La cazadora respiraba a mi lado, el niño se había quedado dormido en un rincón, el gigante vigilaba cerca de la puerta con su silencio habitual, y Kael —aún débil— intentaba sentirse útil preparando su espada.
La anciana murmuraba oraciones antiguas para que la paz durara…
pero ni ella misma parecía creerlo.
Yo, Nadie, intentaba convencerme de que todo había terminado.
De que el Diario se había cerrado para siempre.
De que el Libro estaba a salvo en el cofre donde lo habíamos dejado, enterrado en la pirámide bajo la atenta mirada de los guardianes.
Pero entonces lo escuché.
Un latido.
Un pulso seco, profundo, oscuro…
como un corazón que vuelve a despertar bajo tierra.
—¿Lo habéis oído? —susurré.
Nadie respondió.
Todos dormían.
Todos menos yo.
Me acerqué a la ventana.
El cielo estaba quieto… demasiado quieto.
La pirámide brillaba a lo lejos, imponente, eterna…
…hasta que algo se movió en su cima.
Una sombra.
Delgada.
Retorcida.
Antigua.
La reconocí al instante aunque jamás la hubiera visto con mis propios ojos.

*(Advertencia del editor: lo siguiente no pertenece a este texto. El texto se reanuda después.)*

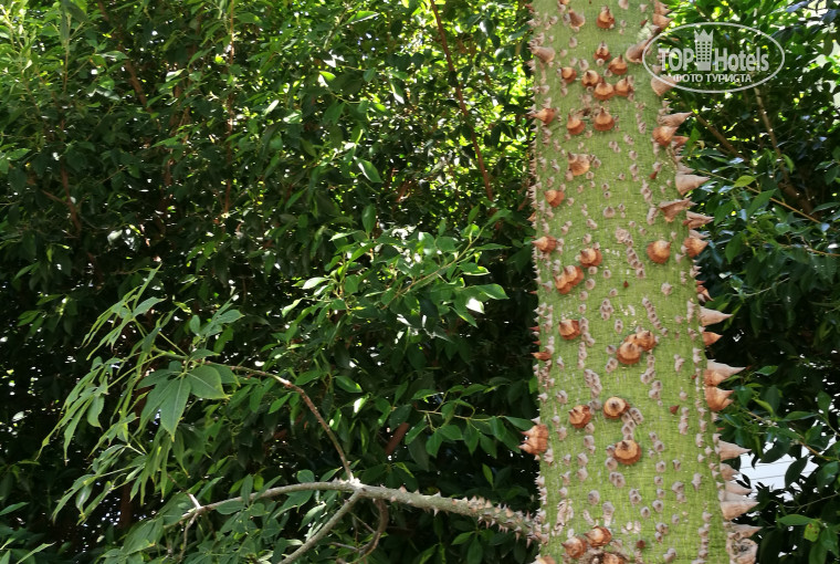 Территория. О ней – отдельно, потому что петухов, поющих к тому же, я раньше в отелях Турции не встречала. А тут они спокойно гуляют по территории. Красавцы! Еще черепаха ползала преспокойно. А сколько экзотических растений! Очень красивых! Чего только стоит дерево с шипами, родиной которого является Южная Америка! Конечно, между бассейнами и морем очень большая территория солнцепека. Никак не обойти. Т.е. тени немного маловато по дороге на пляж. Она вся между домиками. Кстати, шатлы ездят совсем не быстро, а очень даже аккуратно.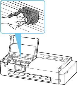 6. If the print head locking cover and print head lock lever are dirty, use a damp cloth that you have wrung out completely to wipe them clean.

La sentí en mi nuca, en mi sangre, en mi respiración.
Su silueta negra se recortó contra la luna.
Me quedé paralizado.
No oí mis propios pensamientos.
Solo escuché un susurro, como una respiración dentro de mi oído:
—Aún no es tu tiempo… Nadie.
—Primero debes recordar quién eres.
—Yo ya lo he hecho.
El aire se quebró como un cristal.
Y entonces lo comprendí:
La guerra no había terminado.
Ni siquiera había comenzado.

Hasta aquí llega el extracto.